TypeError: slice indices must be integers or None or have an __index__ method
In [114]:
half_length = int(length / 2)
a[half_length:]
Out[114]:
'is a list'

This is such a common occurence though that there is a shortcut to ensure that division results in an integer:

In [115]:
3 / 2
Out[115]:
1.5
In [116]:
3 // 2
Out[116]:
1
In [117]:
a[len(a) // 2:]
Out[117]:
'is a list'

What are the mathematical consequences of int?

In [118]:
print(int(4.9))
4

Often that's not exactly what we want, so we can use a few functions from math

In [119]:
from math import floor, ceil
In [120]:
print(floor(5.9))
5
In [121]:
print(ceil(4.0001))
5

Dictionaries

Dictionaries are very similar to lists. Let's see how they work:

In [122]:
d = dict()
d['thingie'] = 45
d['other thingie'] = 434343

print(d['thingie'])
45
In [123]:
print(d)
{'thingie': 45, 'other thingie': 434343}

Python prints it in the format above, you can also define it using that format

In [124]:
d = {'thing1': 3, 'b': 'a string'}
print(d['b'])
a string

We're learning dictionaries because they are often required for plotting and optimization. We'll see that later in this lecture

Tuples

Tuples are just like lists, except they can't have individual elements modified.

In [125]:
a = [0,1,2,3] # a list
a[3] = 'fdsa'
print(a)
[0, 1, 2, 'fdsa']
In [126]:
a = (0,1,2,3)
a[3] = 'fdsa'
---------------------------------------------------------------------------
TypeError                                 Traceback (most recent call last)
<ipython-input-126-1a62624cd994> in <module>
      1 a = (0,1,2,3)
----> 2 a[3] = 'fdsa'

TypeError: 'tuple' object does not support item assignment

The most common place you'll see tuples is in creating numpy arrays

In [127]:
my_tuple = (5,4)
a = np.ones(my_tuple)
print(a)
[[1. 1. 1. 1.]
 [1. 1. 1. 1.]
 [1. 1. 1. 1.]
 [1. 1. 1. 1.]
 [1. 1. 1. 1.]]

Notice that's the same as this:

In [128]:
a = np.ones( (5,4) )
print(a)
[[1. 1. 1. 1.]
 [1. 1. 1. 1.]
 [1. 1. 1. 1.]
 [1. 1. 1. 1.]
 [1. 1. 1. 1.]]

Function Arguments

Functions are a little more complicated than just the paranthesis part.
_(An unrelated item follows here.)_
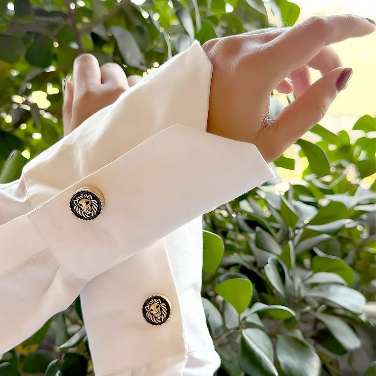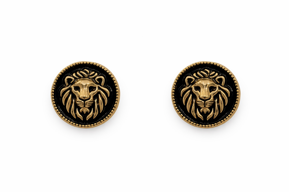 A bold round blazer patch featuring a sculpted gold lion head on a black background. Representing courage, authority, and leadership, this powerful design is ideal for statement tailoring and premium fashion styling.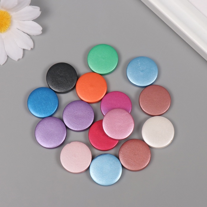 Бусины для творчества дерево "Металлик плоский" набор 15 шт 2х2х0,5 см

There are three things you should know about functions:

  1. Arguments are separated by ,
  2. Arguments may be named -> foo(1,2,4, example=5)
  3. You may have to pass in lists or dictionaries -> np.ones( (5,4) ) or foo(special_arg={'a':4, 'b':4})

Plotting provides some examples of this. Let's see them in action

In [129]:
x = np.linspace(0,10, 100)
y = x**2
In [130]:
plt.plot(x, y)
plt.text(2, 40, '$y = x^2$', fontdict={'fontsize': 24})
plt.show()

Most arguments are optional. For example:

In [131]:
from math import log
log(10)
Out[131]:
2.302585092994046
In [132]:
log(10, 10)
Out[132]:
1.0

More about Notebooks

How to get help about functions

To get help about a particular function, type help( fxn_name ). This will post it in the output. You can instead, type fxn_name? to get a popup with help. The most useful thing though is to type SHIFT-TAB to get a tooltip about a function. To get suggestions, press TAB.

What exactly is saved for a notebook?

A notebook is just a JSON file. You can open one and see this:

 {
   "cell_type": "markdown",
   "metadata": {},
   "source": [
    "To get help about a particular function, type `help( fxn_name ) `. This will post it in the output. You can instead, type `fxn_name?` to get a popup with help. The most useful thing though is to type `shift-tab` to get a tooltip about a function."
   ]
  },

Jupyter will save checkpoints whenever you save. These can be accessed at file->revert-to-checkpoint. Pay close attention to the top messages to make sure you are saving your notebook. In an emergency, like your notebook failed to save, go to file->download as->jupyter notebook and it will appear in your downloads folder.

Rescuing Python Kernel

It's easy to write code that will rek your kernel. You'll see this if the circle indicator in the top right corner is solid. If pressing interrupt (stop button) a few times doesn't work, save your notebook and then close the command line/terminal window and reopen one.